Лакуна понимала, что Хамфри за сто лет до встречи с Горгоной, надо полагать, ушами не хлопал. Роза, должно быть, его первая жена.
— Дело не в том, долгая это история или нет. Если ты вернешь Розу, то у тебя окажется две жены, а в Ксанте такое не разрешается.
— Кто это говорит?
— Королева Ирен. Когда Принц Дольф обручился с двумя девушками сразу, она сказала, что он имеет право жениться только на одной.
Хамфри вздохнул.
— Это сложный вопрос. Но слово Королевы — закон, каким бы неприятным оно ни было. Ее сын, должно быть, сильно огорчился.
— Конечно, — согласилась она. — Но впоследствии он смирился с этим.
— Он был молод. А я слишком стар, чтобы подлаживаться к такой ерунде. Что мне делать? Не оставлять же Розу в Пекле!

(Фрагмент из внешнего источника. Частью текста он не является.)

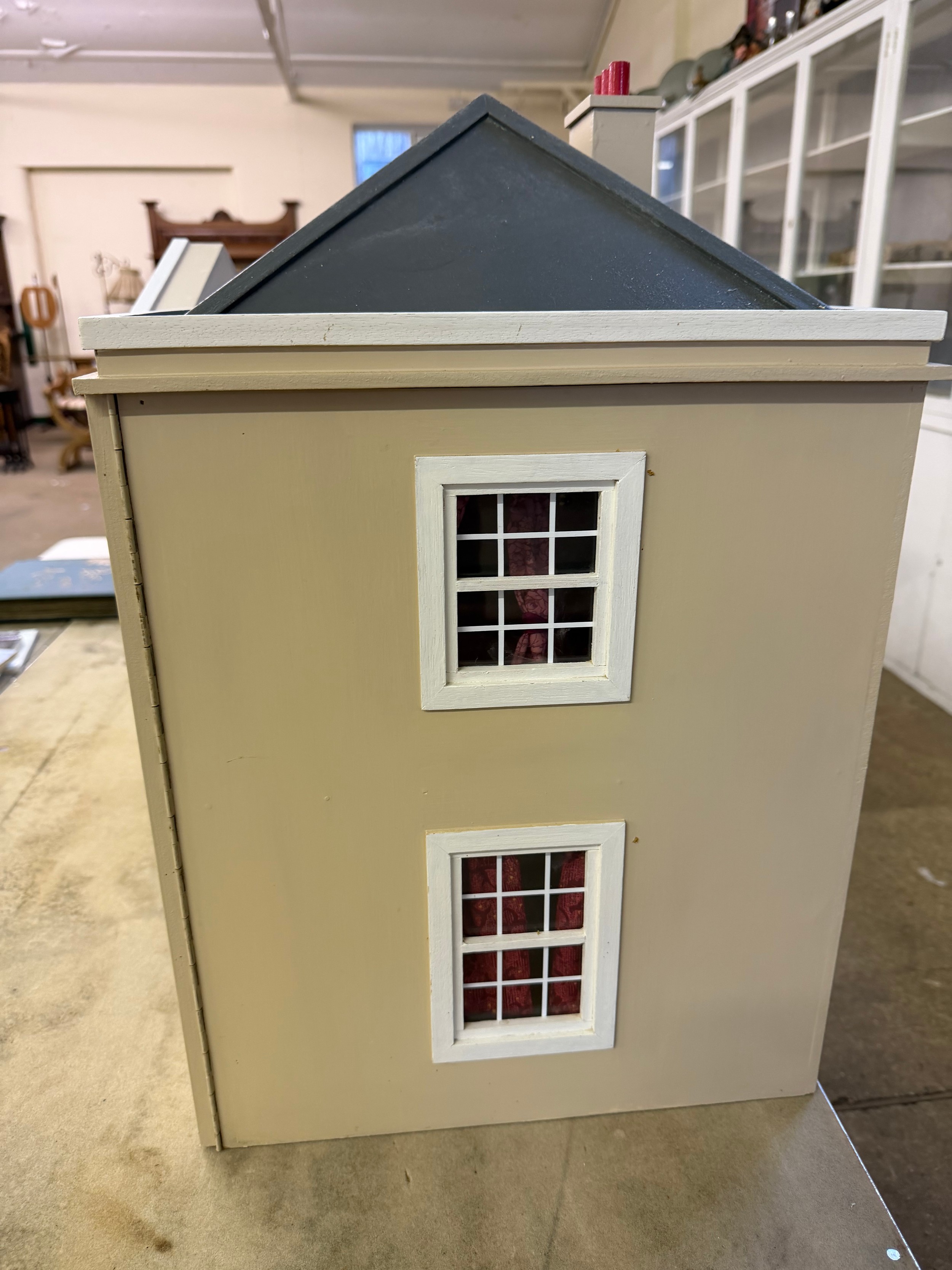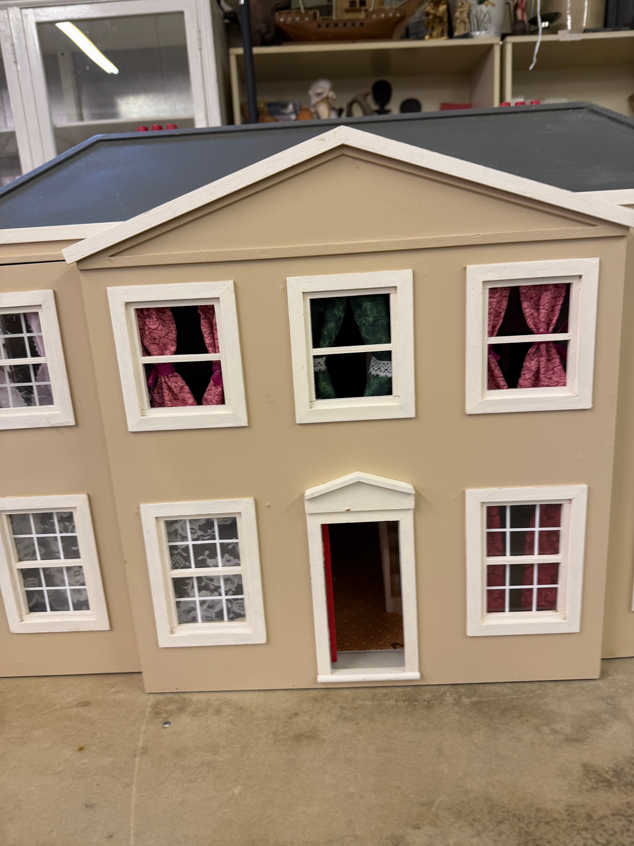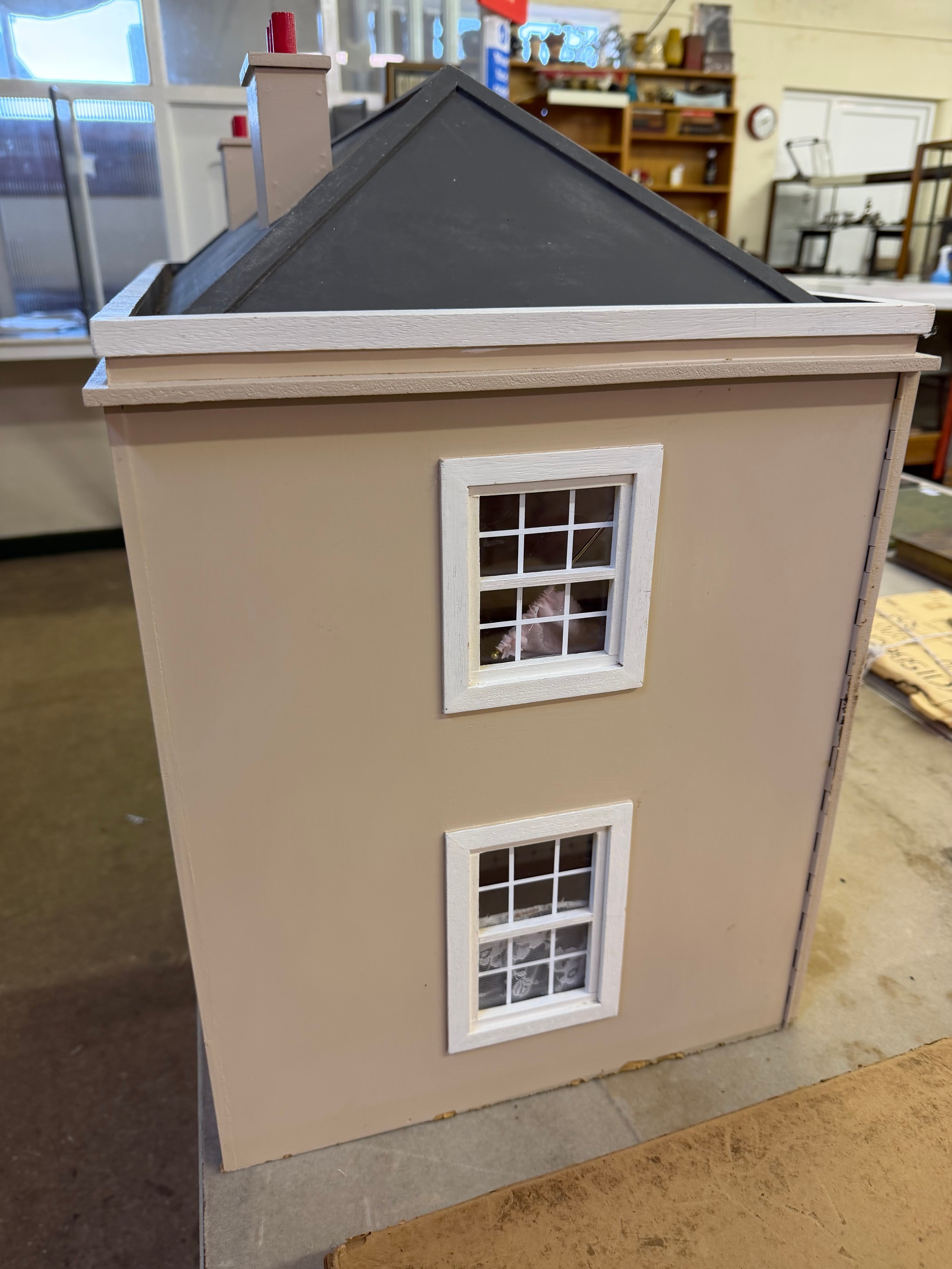 A hand made dolls house, with 2 section opening front.
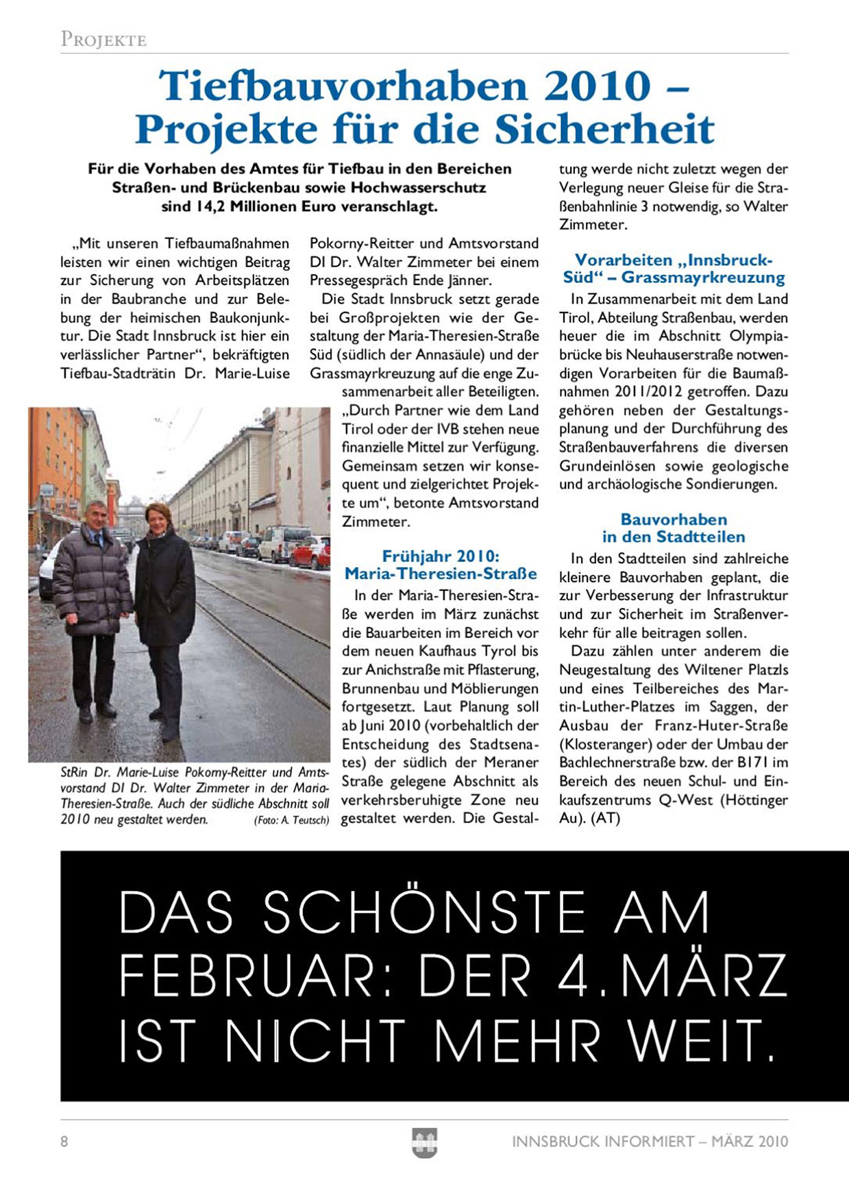 Frühjahr 2010: Maria-Theresien-Straße In der Maria-Theresien-StraBe werden im März zunächst die Bauarbeiten im Bereich vor dem neuen Kaufhaus Tyrol bis zur Anichstraße mit Pflasterung, Brunnenbau und Möblierungen fortgesetzt. Laut Planung soll ab juni 2010 (vorbehaltlich der Entscheidung des
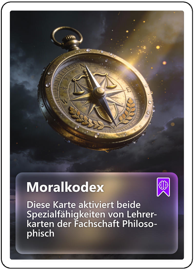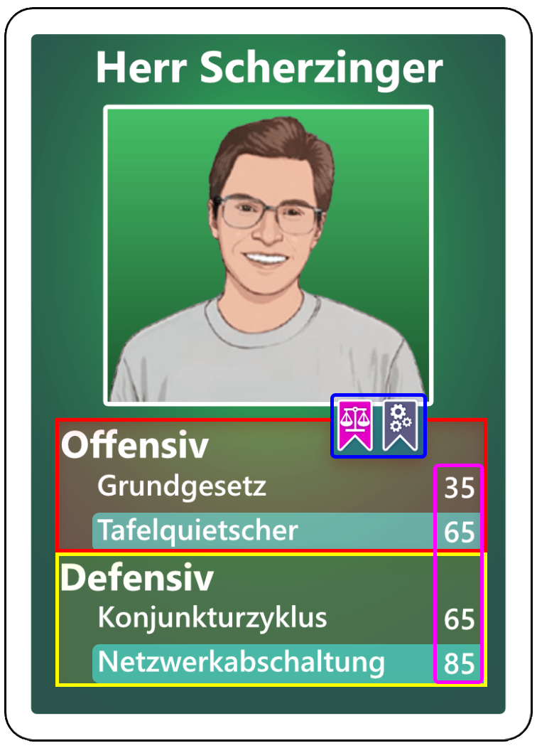 - Unter dem Bild des Lehrers befinden sich ein oder mehrere farbige Symbole. Diese stellen die Fachschaft dar und sind für den Einsatz von Bonuskarten mit Fachschaft-Effekt entscheidend.

— Ты спрашиваешь меня? Ты же Волшебник Информации!
— Правда. Я должен буду это обдумать. Я сделаю обзор моей жизни и, посмотрев на все под определенным углом, приму правильное решение. Тут-то мне и понадобится твоя служба: ты отпечатаешь мою биографию.
— Да здесь и печатать-то не на чем, — удивившись, возразила она.
— А прямо на стенах.
— Я, конечно, могу это сделать, — согласилась она. — Но какой в этом смысл? Почему бы тебе не обозреть свою жизнь мысленно?
— Потому что размеры моей головы ограничены! — огрызнулся он. — Кроме того, я пытаюсь привлечь внимание Демона X(A/N)th"а. Возможно, что настенная история моей жизни его заинтересует.
— Зачем тебе вообще Демон X(A/N)th? Ты же собирался забрать из Пекла первую жену!
— Совершенно верно. Но только Демон может это разрешить.
Лакуна кивнула, начиная хотя бы частично понимать происходящее.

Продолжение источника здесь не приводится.